- EXERCISE: Take the data below and extract the lines from the one with "Køkkenet er udstyret" to the one with "إذا كنت مهندسًا", inclusive, exactly as written.

- ENTRIES SUPPLIED:
........

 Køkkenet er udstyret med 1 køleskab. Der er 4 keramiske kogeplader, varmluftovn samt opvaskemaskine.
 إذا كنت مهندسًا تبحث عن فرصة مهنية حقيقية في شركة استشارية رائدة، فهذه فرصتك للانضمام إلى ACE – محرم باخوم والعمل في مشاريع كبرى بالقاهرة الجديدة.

........

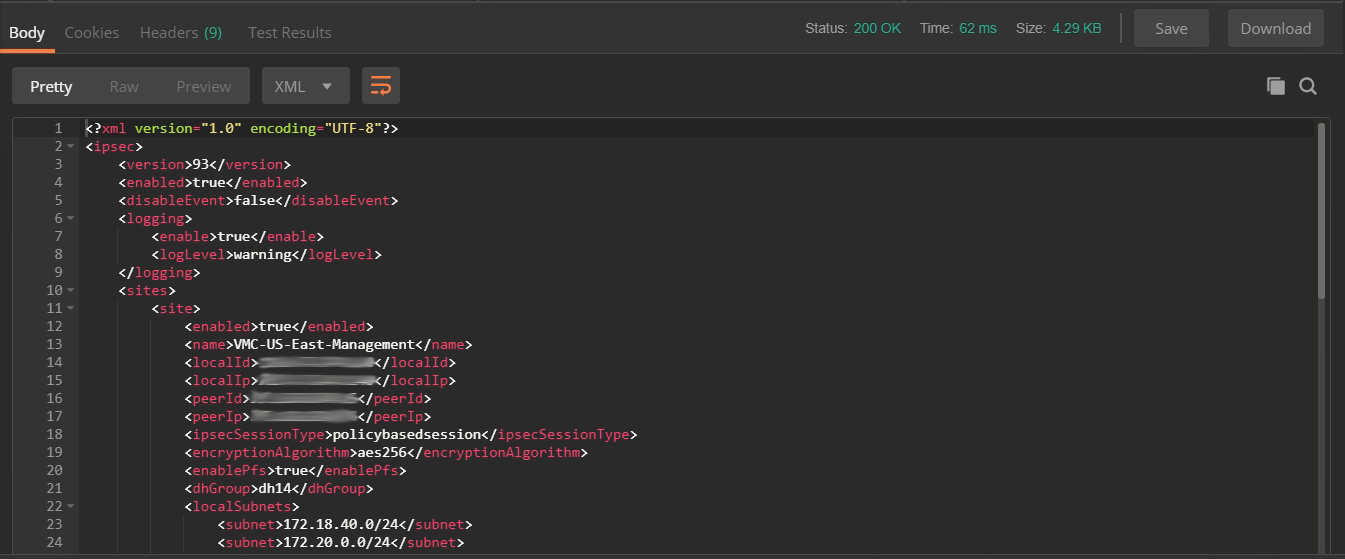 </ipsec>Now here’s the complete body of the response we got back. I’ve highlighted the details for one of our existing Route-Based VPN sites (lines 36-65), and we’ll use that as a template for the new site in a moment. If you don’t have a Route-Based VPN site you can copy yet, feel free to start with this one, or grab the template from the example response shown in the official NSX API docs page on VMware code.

........

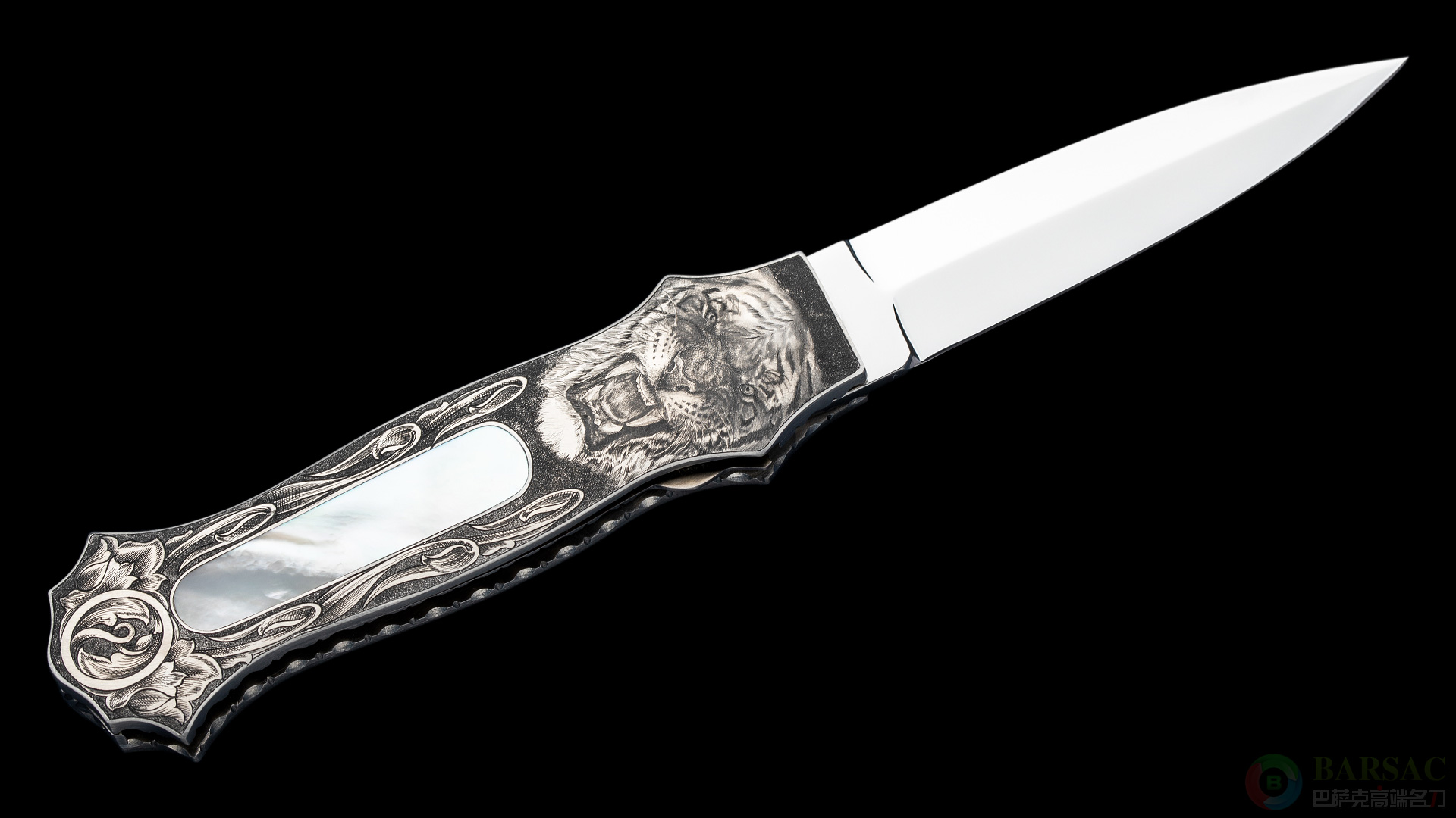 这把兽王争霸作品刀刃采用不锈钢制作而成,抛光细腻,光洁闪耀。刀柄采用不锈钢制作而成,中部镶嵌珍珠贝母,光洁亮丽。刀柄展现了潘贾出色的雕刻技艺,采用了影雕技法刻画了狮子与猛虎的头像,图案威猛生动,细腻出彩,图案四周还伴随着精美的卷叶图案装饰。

........

- RESULT:
 Køkkenet er udstyret med 1 køleskab. Der er 4 keramiske kogeplader, varmluftovn samt opvaskemaskine.
 إذا كنت مهندسًا تبحث عن فرصة مهنية حقيقية في شركة استشارية رائدة، فهذه فرصتك للانضمام إلى ACE – محرم باخوم والعمل في مشاريع كبرى بالقاهرة الجديدة.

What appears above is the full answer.